At length the well-known mad temerity of the despot decided the matter. He was keeping his birthday, and celebrating it by giving a feast to all the magnates of his kingdom. During the feast he was surprised by his step-daughter Salome, the daughter of Herodias, who came into the room and amused the guests with a dance, which apparently was some mimical representation. This homage enraptured the excited prince and his boon companions. These at once saw that it was the wily Herodias who had prepared this exhibition for them, and their applause completely intoxicated the despot. He challenged the dancer to make him a request, and swore that he would grant it, even if it should be equivalent to the half of his kingdom. She went out to ascertain from her mother what it should be; presently she came back, and demanded, on a dish,4 at once upon the spot, the head of John the Baptist. Herod was much grieved by this request, but his superstition was greater than his faith, and his courteous regard for the magnates of Galilee, who do not seem to have particularly cared for John’s preservation, was greater than his displeasure against the girl. For his own sake, and in order not to shame the dancer before his guests, he sent the executioner to behead the Baptist in prison. And, according to directions, the man brought the bloody head on a dish to the girl, who gave it to her vindictive mother. Not far from the mountain castle of Machærus,5 which was situated in the mountainous country on the east of the Dead Sea, Herod had his second residence, Julias or Livias. It was a royal palace, and Herod, especially at this time, appears to have been often there, since the war with King Aretas was already impending. Yes, and he might have especially selected this particular place at which to gather the magnates of his kingdom in order to impress the enemy, or else to prepare them for the war. But the near vicinity of the two places explains how it was possible the head of John could so soon be brought.6

The disciples of the Baptist bravely owned their connection with the slain hero, whose head had been made payment to a frivolous dancing girl: they came and laid him in his grave. But the spirit of the Baptist continued to live in various forms. Those, indeed, who wished to continue to be strictly disciples of John afterwards took an uncertain, wavering course, which led them into the mazes of heathenish theosophy.7

Jesus landed with His disciples on the coast of Lower Gaulonitis. Here they withdrew into a desert near the town of Bethsaida (fish houses), which was situated north-east of the sea, and which the tetrarch Philip had named Julias, in honour of the daughter of the Emperor Augustus.8

But in vain did they look here for solitude. The people from the towns flocked after them along the road by land (πεζῇ). Those who were already come from Tiberias after them were now joined by companies of pilgrims, which were already beginning to form, the Passover being near at hand. Thus, moved in His pity for the poor shepherdless multitude, Jesus again stepped forth from His retirement (Mar 6:34). Leaving the mountain-top to which He had repaired (Joh 6:3), He came again amongst the multitude, and taught them and healed their sick.

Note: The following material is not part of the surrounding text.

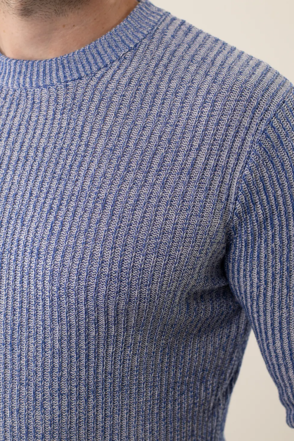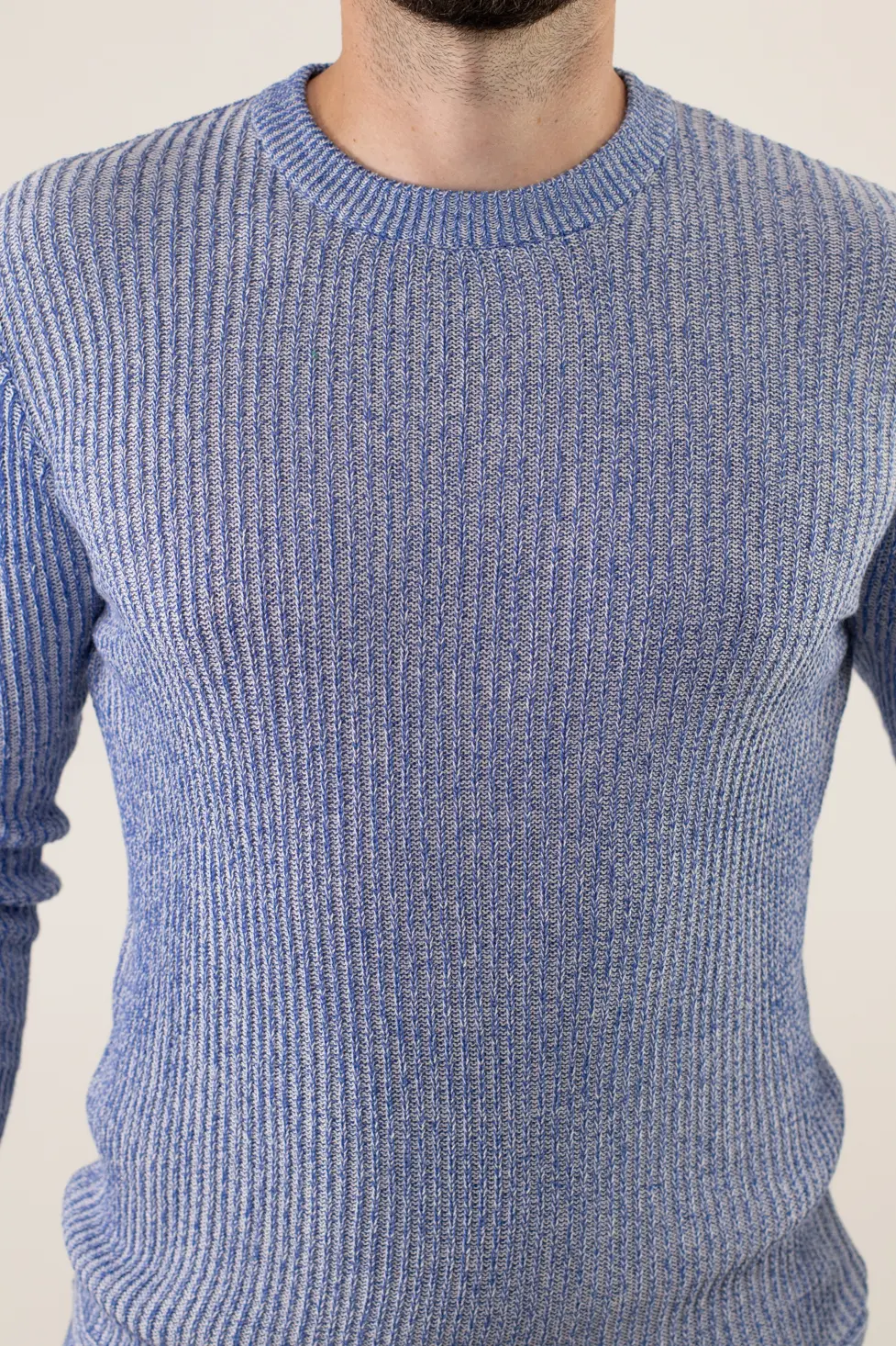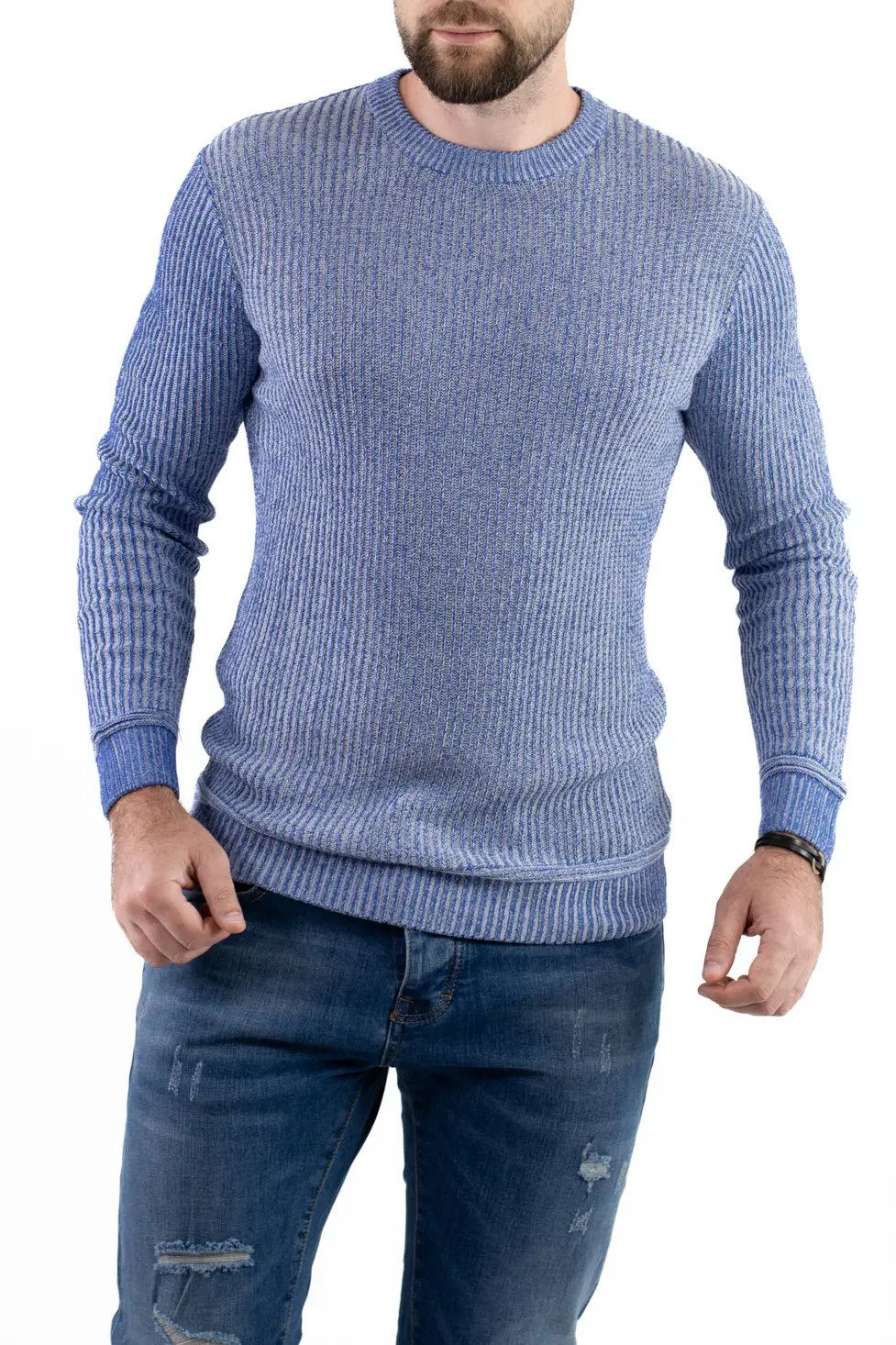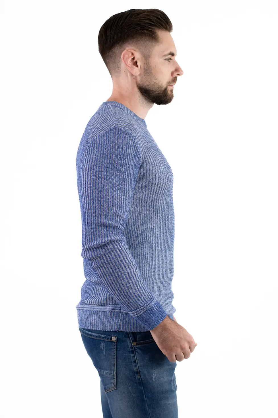 Pulover barbati din material tricotat. Extrem de comod si placut la atingere, material elastic. Guler rotund. Culoare albastru. Mânecă lungă.

In the meantime the evening drew on. Jesus cast a look on the ever-increasing crowds, and felt that for the moment the people had forgotten themselves and their earthly wants, and that many were in danger of being famished on their way home. Even the disciples were aware of this danger; they therefore advised the Lord peremptorily to send away the people, that they might go into the villages lying nearest the desert and buy themselves food. But the multitude who had come to Him were not to depart, they were not to lose themselves in the desert, nor to leave Him hungry, embarrassed, and in danger of starving. Perhaps it was Philip who had represented to Him most urgently the distress in which the people were; at all events, Jesus first addressed to Him the question: ‘Whence shall we buy bread, that these may eat?’ He wanted to prove him, John says. But Philip saw not only the want of bread amongst the multitude, but also the want of money amongst themselves: he quickly ran over the cost and took fright. ‘Two hundred pennyworth of bread is not sufficient for them (he said) that every one of them may take only a little.’ But Jesus now distinctly required the disciples to give the multitude to eat; they were to go and see what provisions they could command. Andrew informed Him that there was a lad there who had five barley loaves and two fishes. ‘But,’ he added, ‘what are they among so many!’ But now Jesus commanded them to make the people sit down. The multitude therefore sat down upon the green grass (Mar 6:39). From this rural allusion we may draw an inference concerning the time of year: it was in the Palestinian spring-time. This corresponds with our narrative; for we stand between the feast of Purim and the Passover.9 They were to sit down in separate divisions or ranks of a hundred and of fifty men. By this means it was seen that the whole multitude consisted of about five thousand men, besides the individual women and children who were amongst the train.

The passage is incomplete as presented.